Musk’s efforts to position Tesla as an energy company have been supported by a host of influential commentators and investors. Social Capital’s Chamath Palihapitiya, for example, has been a particularly ardent evangelist for Tesla’s energy segment. Speaking to CNBC on July 23rd, Palihapitiya laid his position out quite plainly:
“This stock is now going to represent the totality around decarbonization and sustainability, so it was really great to own this thing around cars for the first few years, I get it. But now I underwrite this stock as a push toward decarbonization, towards unregulated energy, and towards the ability for all of us to become our little micro utilities.”
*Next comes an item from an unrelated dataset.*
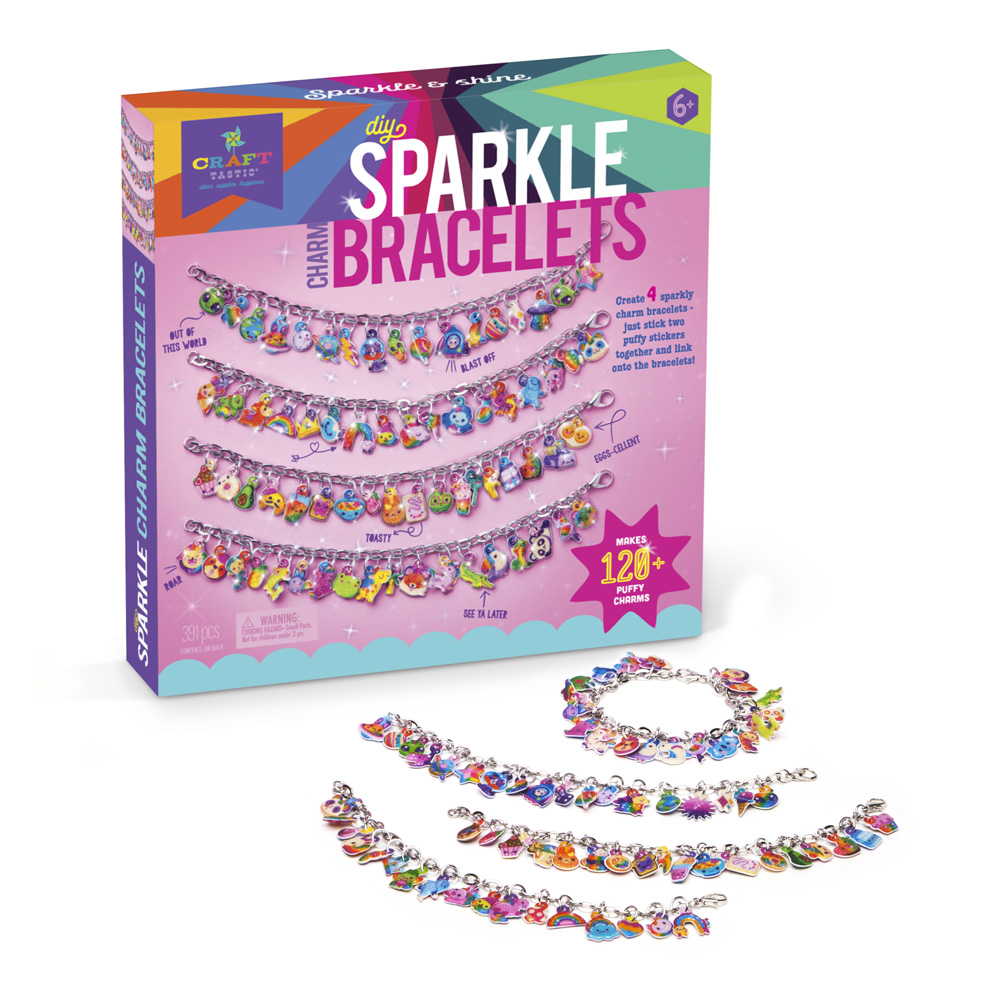 Get your shine on when you make these four sparkle charm bracelets to wear or share! It’s easy and fun to make – simply stick two puffy stickers together to make a charm and link it onto a bracelet. There are wild animals, mythical creatures, breakfast foods, and space-themed charms to choose from so you can create a bracelet unlike any other! Ages 6+

By successfully positioning Tesla as an energy disruptor, its stock price can be uncoupled from the more prosaic earnings multiples garnered by other automakers. Thus far, Musk and his supporters have managed to shape the narrative quite effectively, which has played an instrumental part in elevating Tesla’s valuation to its current staggering level.
In reality, however, Tesla’s solar business has failed to live up to Musk's promises of rapid growth. Even the much delayed advent of Solar Roof has failed to lift deployment numbers appreciably. That can hardly be taken as a promising sign for the future.
Investor’s Eye View
Tesla has garnered a market capitalization in excess of $600 billion thanks to incredibly effective narrative management. The company has sold the market on its energy future. But the deployment numbers do not lie.
Thus far, Tesla’s share price has managed to escape unscathed. Whether it can continue to do so will depend on investors’ continued willingness to believe what they are told rather than what the financial results show.
In the long run, reality always wins. But it can be a long wait.